An analysis of the costs of various activities can help the hospital management to improve the actual performance of various departments in the hospital. The analysis can also help the health policymakers to determine the best curative care that can be delivered in hospitals and investigate the various tradeoffs that exist among the primary curative, preventive, and secondary curative provisions in use (Cleverley, Cleverley, & Song, 2011). Budget planning is therefore, a delicate process because the budget has to support the healthcare professionals in the institution and simultaneously provide the level of care that is needed by the patients (Wolper, 2004).
The actual cost analysis of an ER department against its budget for a duration of one month is reported in this paper. A variance analysis helps to determine the deviation from the budget. Variance in this case refers to the difference between the budgeted figure and the actual figure (Wolper, 2004). The variance can be favourable or unfavourable. In one month, the ER department had actual patient days of 630 days, which was 30 patient days more than its budgeted 600 patient days. As a result, the non-chargeable medical surgical supplies were above the budget by $1,609 because the budgeted supply had been placed at $8,118.
The budget rate from this data gives a value of $13.53 whereas the actual rate is given as $15.44. To determine the unit cost variance, we find the product of the difference between the budget rate and the actual rate, and the actual patient days.
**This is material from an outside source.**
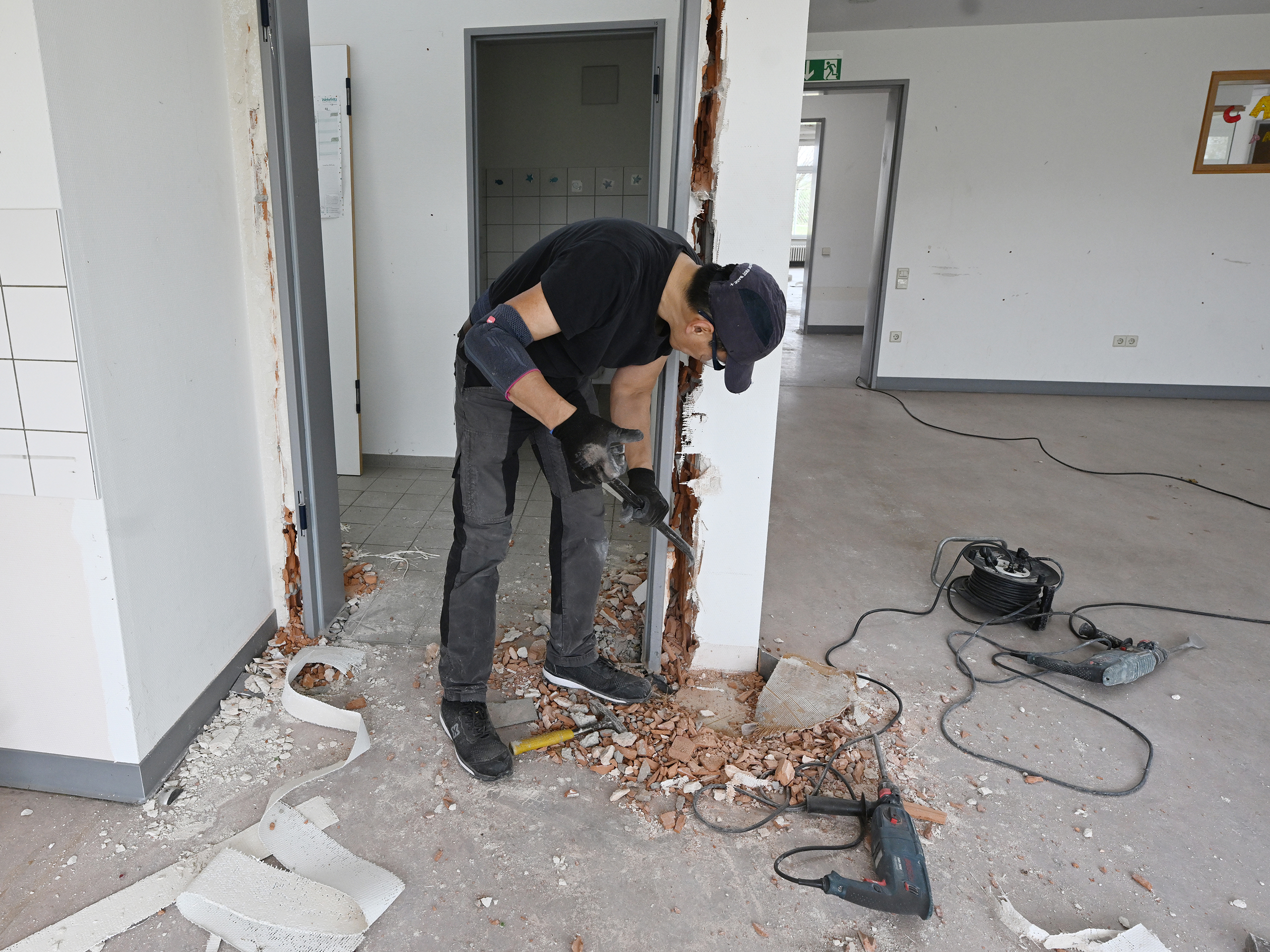 Re-Use Aktion an der Hangweide. Material soll später in der Böckingerstaße wieder eingebaut werden. Bild: IBA’27 / Franziska Kraufmann

Thus,
Unit cost variance = ($13.53-$15.44)(630) = ($1,203.30)
The volume variance can be determined by multiplying the difference in the patient days and the budget rate. Thus, volume variance = (600-630 days) ($13.53) = 405.9
The total variance is thus (1,203.30) + (405.9) = ($1,609.2).
These figures suggest that $1,203.30 or about 75% of the unfavorable variance is attributed to the cost increase in supplies that are not covered by the increase in patient days. $405.9 on the other hand or 25% can be attributed to the increase in usage of the supplies exclusively because of the increase in number of patient days.
Cost variances arise due to external and internal factors. Internal causes include technological advancements, changes in nurse efficiency or hospital/department policy (Cleverley, Cleverley, & Song, 2011). External factors include changes in prices of supplies, census changes, and the type of staff at the department (Cleverley, Cleverley, & Song, 2011). The increase in patient days and the unfavorable variance can be attributed to overuse of the ER department. The variance can be reduced by redesigning primary care services and providing alternative sites of primary care for conditions that are not urgent. Examples of practices under the two suggestions of aligning the actual budget is the use of an extended practice hours program and telemedicine where patients can access instant consultations for primary care over the telephone instead of visiting the ER.
Budget, Income and Costs
For one month, the hospital budget, income and costs were as follows
Budget Costs Interpretation and Variance
8,118 9,727 1,609, Unfavorable
Cleverley, W. O., Cleverley, . O., & Song, . H. (2011). Essentials of health care finance. New York, NY: Jones & Bartlett Learning.
Wolper, L. F. (2004). Health care administration: Planning, implementing, and managing organized delivery systems. New York, NY: Jones & Bartlett Learning.